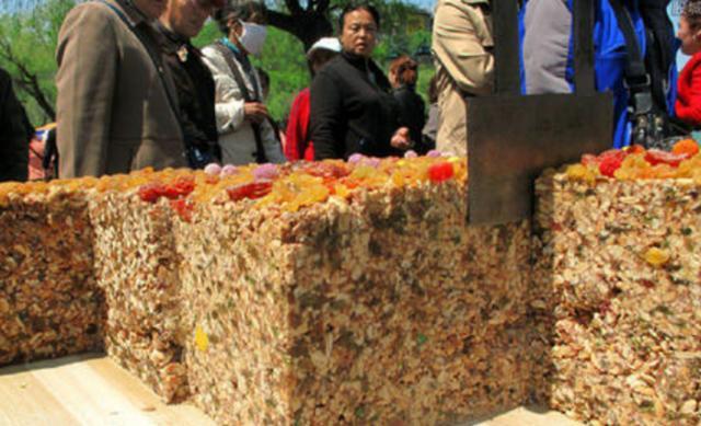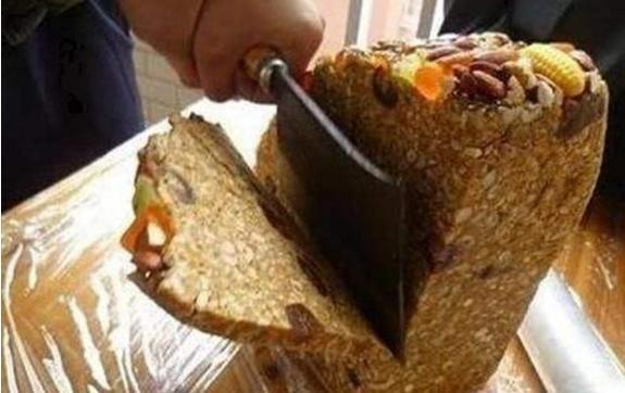 上图这其貌不扬的食物,就是今天介绍的民族特色了。来自新疆的切糕,曾经真的是名气特别的大,火爆全中国,在街头巷尾都可以见到它的身影。新疆这个地方的地域特别的辽阔,在这里物产特别的丰富,有大量的水果干果产出,于是当地人就用这些食材做出了今天说的这款切糕这个美味。他要将所有的食材先蒸熟,之后再放入模具里面压实。
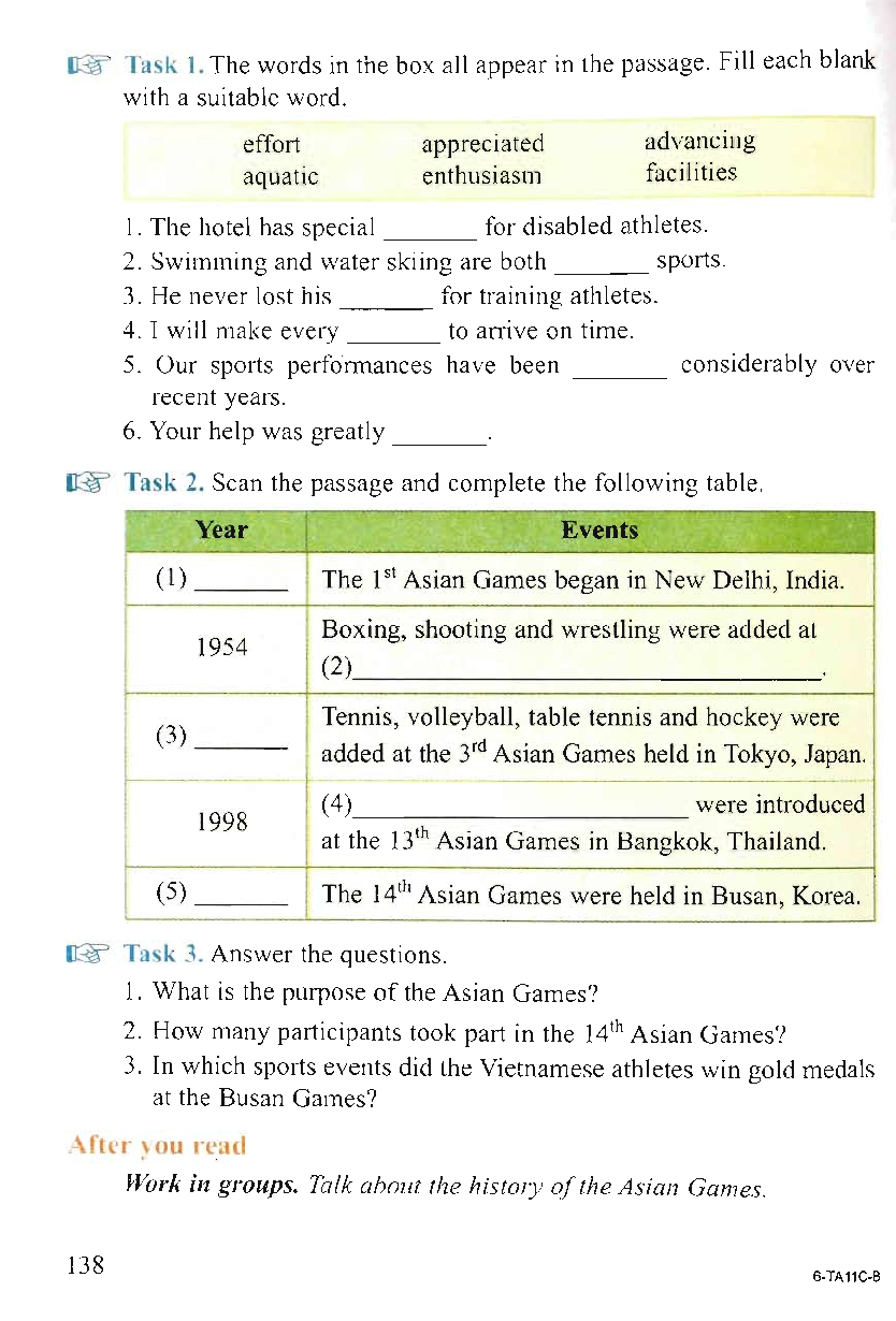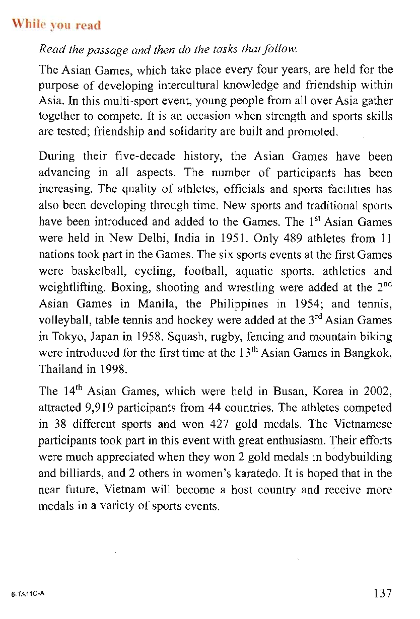 Sách Giáo Khoa Tiếng Anh 11 - Unit 12: The ASIAN Games
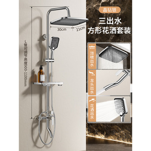 【经典款】加厚增压*银色方形三档◆8寸顶喷
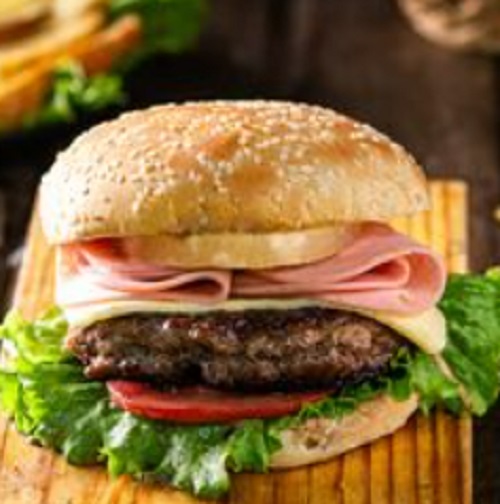 Pan hamburguesa, hamburguesa de la casa 200 g, queso blanco, jamón, piña, acompañada de papas al hilo.
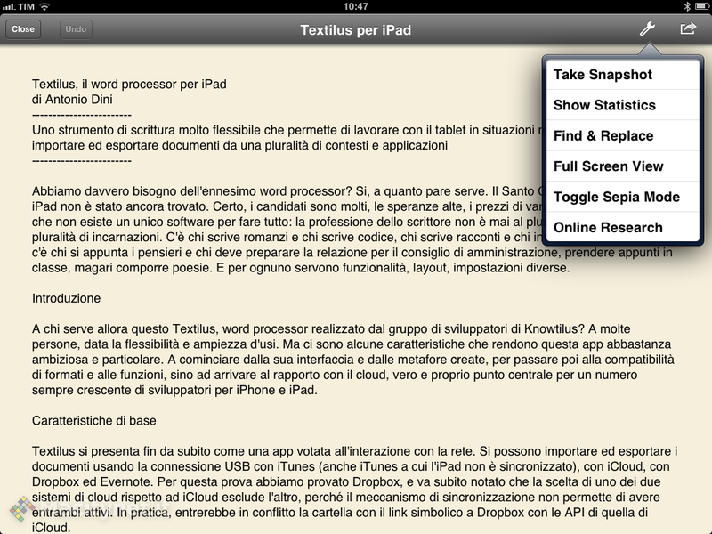 A disposizione, tramite la consueta icona a forma di chiave inglese, la possibilità di prendere snapshot, vedere le statistiche, fare trova e sostituisci, passare alla modalità di vista a finestra piena, mettere/togliere lo sfondo seppia e infine fare delle ricerche online (cioè su Wikipedia) senza dover uscire dall’app, cosa questa molto utile perché consente di introdurre un po’ di multitasking riducendo il bisogno di passare a Safari o ad altri browser. Il fatto che la finestra di navigazione si sovrapponga completamente a quella di scrittura rende però meno utile la funzionalità.
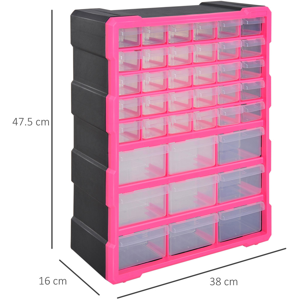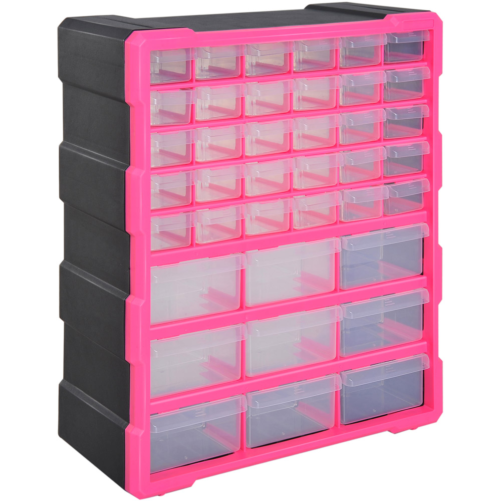 The Durhand Pink 39-Drawer Storage Cabinet: the ultimate tool organizer. Perfect for garages, repair shops, sheds, or workshops, this cabinet keeps small parts and accessories neatly organized. Its transparent drawers allow for quick identification of contents, saving you valuable time. Made from durable polypropylene, each drawer features a built-in stop to prevent items from falling out.
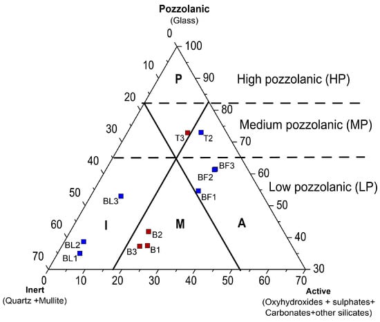 The phase composition of the tested ashes was compared with the Vassilev phase mineral classification system [58]. On this basis, BA from Bełchatów was classified as mixed–low pozzolanic (M-LP), and the BA from Turów as pozzolanic–medium pozzolanic (P-MP). FA from the gas duct was also classified as inert–low pozzolanic (I-LP), FA from the electrofilter as active–low pozzolanic (A-LP), and FA from Turów as active–medium pozzolanic (A-MP) (Figure 2).

:::::

● Exercise requirements
No picture is to appear in the copy; every entry above is otherwise to be printed verbatim.

● Answer for the task
 上图这其貌不扬的食物,就是今天介绍的民族特色了。来自新疆的切糕,曾经真的是名气特别的大,火爆全中国,在街头巷尾都可以见到它的身影。新疆这个地方的地域特别的辽阔,在这里物产特别的丰富,有大量的水果干果产出,于是当地人就用这些食材做出了今天说的这款切糕这个美味。他要将所有的食材先蒸熟,之后再放入模具里面压实。
 Sách Giáo Khoa Tiếng Anh 11 - Unit 12: The ASIAN Games
 【经典款】加厚增压*银色方形三档◆8寸顶喷
 Pan hamburguesa, hamburguesa de la casa 200 g, queso blanco, jamón, piña, acompañada de papas al hilo.
 A disposizione, tramite la consueta icona a forma di chiave inglese, la possibilità di prendere snapshot, vedere le statistiche, fare trova e sostituisci, passare alla modalità di vista a finestra piena, mettere/togliere lo sfondo seppia e infine fare delle ricerche online (cioè su Wikipedia) senza dover uscire dall’app, cosa questa molto utile perché consente di introdurre un po’ di multitasking riducendo il bisogno di passare a Safari o ad altri browser. Il fatto che la finestra di navigazione si sovrapponga completamente a quella di scrittura rende però meno utile la funzionalità.
 The Durhand Pink 39-Drawer Storage Cabinet: the ultimate tool organizer. Perfect for garages, repair shops, sheds, or workshops, this cabinet keeps small parts and accessories neatly organized. Its transparent drawers allow for quick identification of contents, saving you valuable time. Made from durable polypropylene, each drawer features a built-in stop to prevent items from falling out.
 The phase composition of the tested ashes was compared with the Vassilev phase mineral classification system [58]. On this basis, BA from Bełchatów was classified as mixed–low pozzolanic (M-LP), and the BA from Turów as pozzolanic–medium pozzolanic (P-MP). FA from the gas duct was also classified as inert–low pozzolanic (I-LP), FA from the electrofilter as active–low pozzolanic (A-LP), and FA from Turów as active–medium pozzolanic (A-MP) (Figure 2).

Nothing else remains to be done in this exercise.